Les causes sont connues : les lois du marché qui pèsent sur les entreprises, la crise économique, les contraintes budgétaires qui pèsent sur le secteur public. Partout, il faut faire plus avec moins de moyens. Il faut travailler dans des conditions de plus en plus difficiles et dégradées. Tout cela contribue à désenchanter le travail.
Que faire ? De nombreux experts se sont penchés sur le problème. Et les remèdes proposés ne manquent pas. Pour les uns, il faut apprendre à faire face au stress : savoir mieux gérer son temps pour desserrer l’étreinte, apprendre la « communication non violente » (pour affronter les relations difficiles avec les clients, les collègues ou la hiérarchie). D’autres encore prônent un « slow management ». Dans ce dossier, le sociologue Gilles Herreros propose d’instaurer une « réflexivité organisationnelle » pour dépister et remédier à la violence ordinaire qui sévit dans les organisations. Plusieurs livres viennent de paraître autour d’une idée plus radicale : « Il faut refonder l’entreprise » (nous y reviendrons bientôt dans Sciences Humaines).
Et vous, qu’en pensez-vous ? Depuis quelque temps déjà à Sciences Humaines, nous ne nous contentons plus de nous adresser aux spécialistes, mais nous nous tournons aussi vers les lecteurs, les amis et l’entourage pour savoir ce qu’ils pensent.
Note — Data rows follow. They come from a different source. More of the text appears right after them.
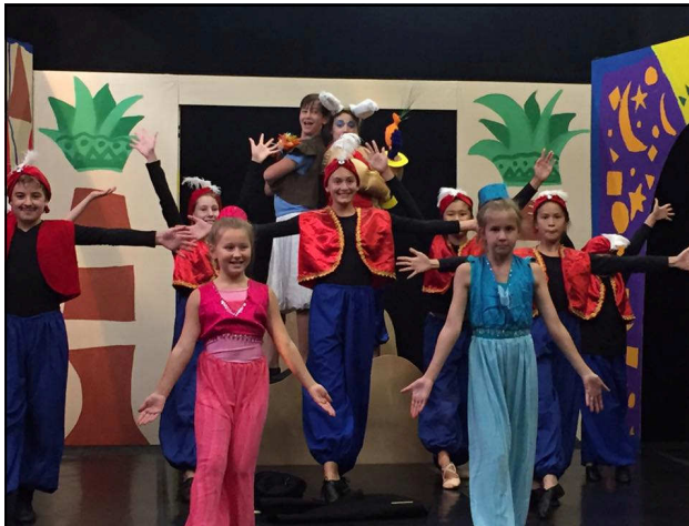
Aladdin - Summer 2016

Read about us in the February, 2017 issue Of West Hartford Life!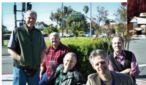
The Board (right) & at lunch in San Clemente, CA (below)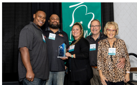
Business of the Year The Smoke N' Pig BBQ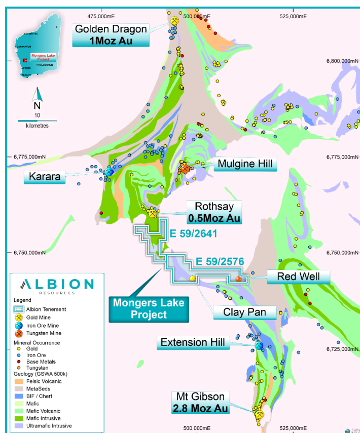
Figure 3: Mongers Lake Project Location Map on GSWA 500K Geology showing the location of the Red Well prospect area.

The ground FLEM survey is currently underway and the results are expected in the coming weeks and any new anomalies will be reported shortly thereafter.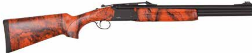
S T A C 5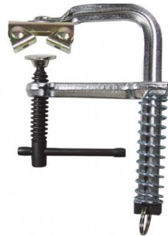
W07970 BuildPro Magspring Clamp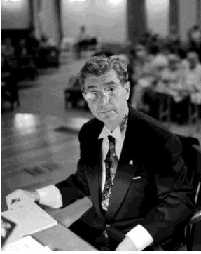
Old State Capitol.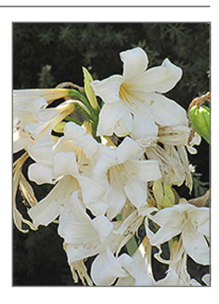
White Belladonna Lily flowers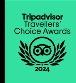
Travellers' Choice Award Tripadvisor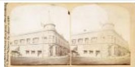
Stereograph of Mesa County Bank (F212.1)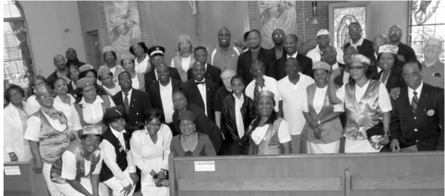
Members of New York Grand Commandery and Ladies Auxiliaries in the Villa of Our Lady Retreat House.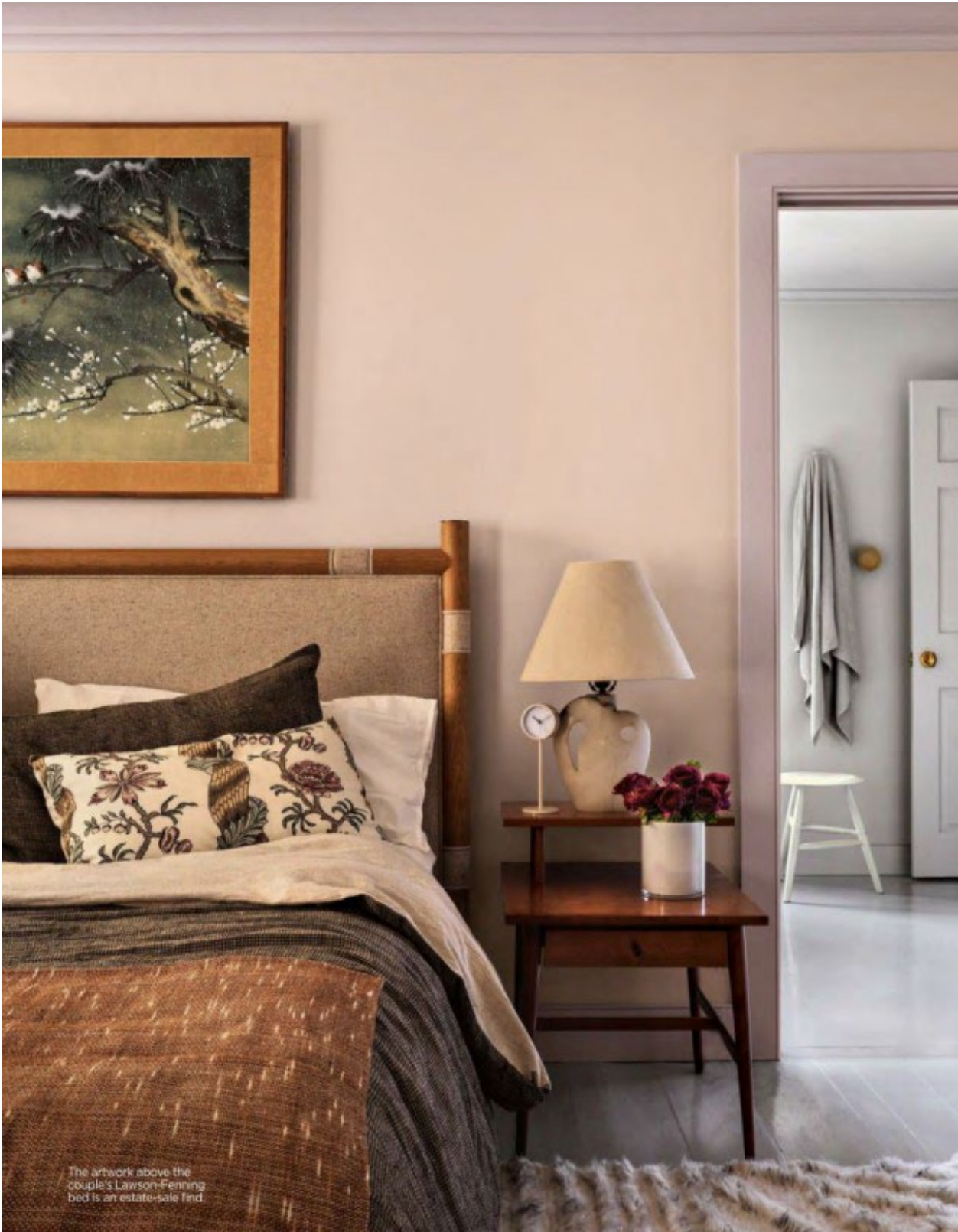
The artwork above the couple's Lawson-Fenning bed is an estate-sale find.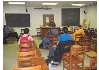
LSU Student Chapter Meeting

The 2006 DEQ Conference has been cancelled due to budgetary reasons. It is scheduled to return for 2007!

Personnellement, j’ai interrogé des personnes autour de moi : « Et toi, que ferais-tu pour réenchanter le travail ? » Les réponses ne se sont pas fait attendre : « Supprimer les évaluations », m’a répondu du tac au tac cette professeure des écoles. « Les évaluations sont lourdes, stressantes et inutiles, c’est une nouvelle bureaucratie absurde qui s’est répandue partout. » Pour cette jeune graphiste, le télétravail est un bon moyen de travailler avec plaisir : « Le télétravail, c’est ce qui me permet d’éviter les contraintes du bureau : les longs transports, les horaires obligés et surtout les petits conflits et les potins qui empoisonnent le travail. » Réenchanter le travail ? Un autre interlocuteur s’est lancé dans un plaidoyer pour la démocratie en entreprise : « Il faut simplement donner la parole aux salariés : l’entreprise est le dernier lieu de notre société qui fonctionne encore comme une monarchie. »
Sur le site scienceshumaines.com, nous avons ouvert un nouvel espace d’échange et d’expression. Le mois passé, des lecteurs sont venus échanger leurs bonnes recettes pour se nourrir l’esprit intelligemment. Le mois précédent, ils présentaient leurs plus belles lectures de voyages.
Et si l’on s’interrogeait ensemble sur la façon de réhumaniser le travail ? Ce ne serait pas la plus mauvaise façon de faire des sciences humaines.